[Start of section]

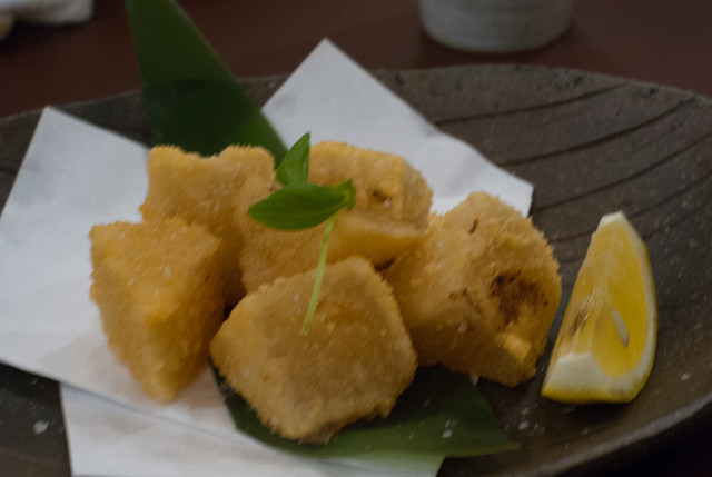 ウスターソースをダボダボとかけるタイプのコロッケではなくて、お皿に添えられたのはマスカルポーネチーズと白味噌と、京都祇園の原了郭の黒七味を混ぜた特製ソース。原了郭の黒七味が大好きな私にはこれだけでも最高なんですが、このソース、マスカルポーネが物凄く効いていて、ついつい指で舐めて日本酒をくびりっ。うっま~
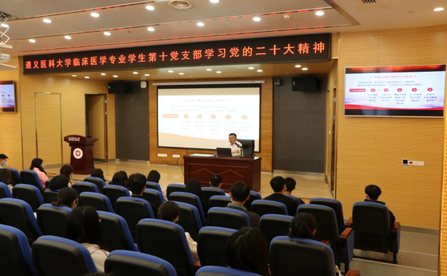 2022年11月12日上午,必一运动官网经理徐平在新蒲校区图书馆一楼多功能厅面向临床医学专业员工第十党支部师生开展深入学习贯彻党的二十大精神专题宣讲会。支部全体党员和部分员工代表参会。
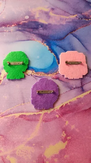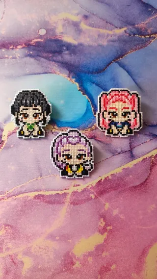 Set di spille Kpop a tema Demon Hunters. Sono realizzate a mano. Design ispirato ai personaggi: Rumi, Zoey e Mira. Realizzate a mano con tecnica punto croce. Costo complessivo per tutte e tre le spille: 10€
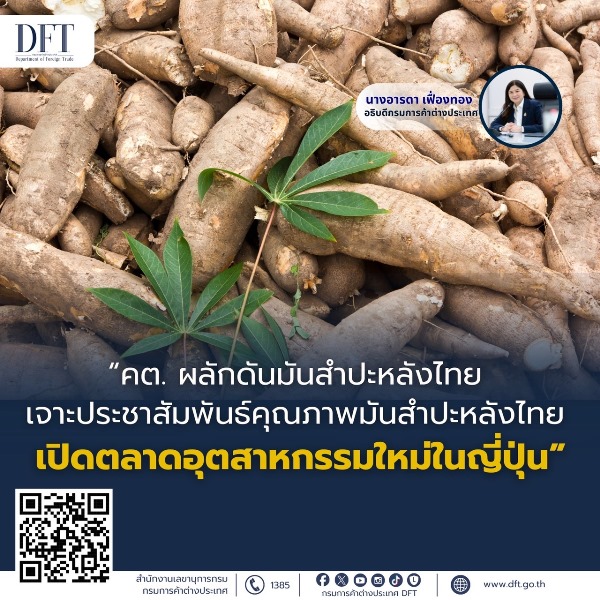 “การจัดคณะเดินทางของภาครัฐร่วมกับนักวิชาการไปยังเมืองฟูกูโอกะ และ เมืองคุมาโมโตะ ภูมิภาคคิวชู ประเทศญี่ปุ่น ระหว่างวันที่ 28 กันยายน – 2 ตุลาคม 2568 นี้ ถือเป็นการต่อยอดจากที่ไทยเคยส่งออกสินค้ามันสำปะหลังไปประเทศญี่ปุ่น โดยมีเป้าหมายเป็นการประชาสัมพันธ์สินค้ามันสำปะหลังไทยเข้าสู่อุตสาหกรรมใหม่ เพื่อเพิ่มโอกาสและช่องทางการส่งออกสินค้ามันสำปะหลังไทยที่มีมูลค่าเพิ่มสูงขึ้นไปยังอุตสาหกรรมที่หลากหลายมากขึ้น เช่น อุตสาหกรรมอาหารสัตว์ อุตสาหกรรมอาหารเพื่อสุขภาพ หรือแม้กระทั่งอุตสาหกรรมสัตว์เลี้ยง ซึ่งอุตสาหกรรมทั้งหมดกำลังมีแนวโน้มเติบโต ซึ่งจะเป็นโอกาสที่ดีสำหรับการส่งออกสินค้ามันสำปะหลังไทยไปยังประเทศญี่ปุ่นและเป็นการสร้างรายได้เข้าสู่ประเทศได้มากยิ่งขึ้น”
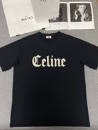 Celine Gothic Embroidered Plain Loose T-shirt Black Cotton
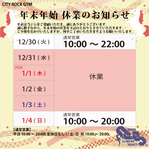 誠に勝手ながら、年末年始の営業を下記のとおりとさせていただきます。
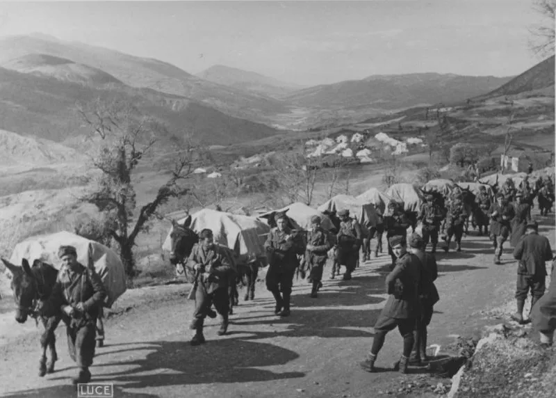 Колонна итальянских солдат с вьючными животными на дороге в горах Греции. 1941 год
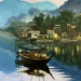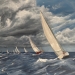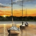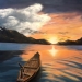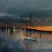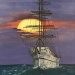 Een imposant schip vaart kalm de ondergaande zon tegemoet. De reflectie van het licht en de diepe kleuren van zee en lucht brengen rust en kracht samen.
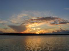 Я видел сильные ливни на юге. Такие ливни, которые идут минут десять, но за это время успевают вырыть на дорогах целые канавы и надолго замутить море. Так вот здесь был такой же ливень с тем только отличием, что он не прекращался и не прекращался! Одежда мгновенно промокла, и даже то, что я успел всё с себя стащить и запрятать в пакет, меня не спасло вода забралась и туда. Ветер разгонял капли так, что они ощутимо больно били по коже, по ощущению и производимому звуку куда более похожие на град, чем на дождь! Вода в лодках прибывала быстрее, чем мы успевали её вычерпывать, а тут ещё и гроза подобралась совсем близко; мы развернулись к ближайшему берегу и уткнулись в тростник. Всё промокло. Включая рюкзаки как мы их не прикрывали. И нам было, в общем-то, уже наплевать! Мы вспомнили про пиво и выпили его только что мороженое есть не стали с дождем пришел и холод. И так мы стояли под ливнем, ощущая на себе всё буйство стихии, и постигая его во всей возможной для нас мере. Мы орали, пели всё это терялось в шуме дождя, и это было так здорово, что передать это совершенно невозможно!
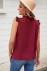 Burgundy Ruffle Trim Swiss Dot Button Closure Sleeveless Shirt
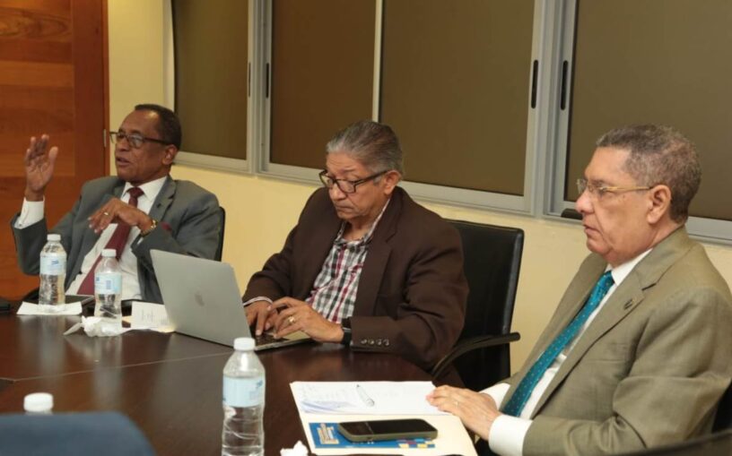 El ex rector de la UASD, maestro Roberto Reyna, junto al director de Cooperación Nacional e Internacional, maestro Antonio Medina Calcaño, y el director de Calidad, durante la reunión de la Comisión de Reforma Universitaria.

[End of section]

Reproduce the data above exactly, but only from the line containing "Колонна итальянских солдат" through the line containing "Een imposant schip"; skip the pictures.

→ **ANSWER SECTION**
 Колонна итальянских солдат с вьючными животными на дороге в горах Греции. 1941 год
 Een imposant schip vaart kalm de ondergaande zon tegemoet. De reflectie van het licht en de diepe kleuren van zee en lucht brengen rust en kracht samen.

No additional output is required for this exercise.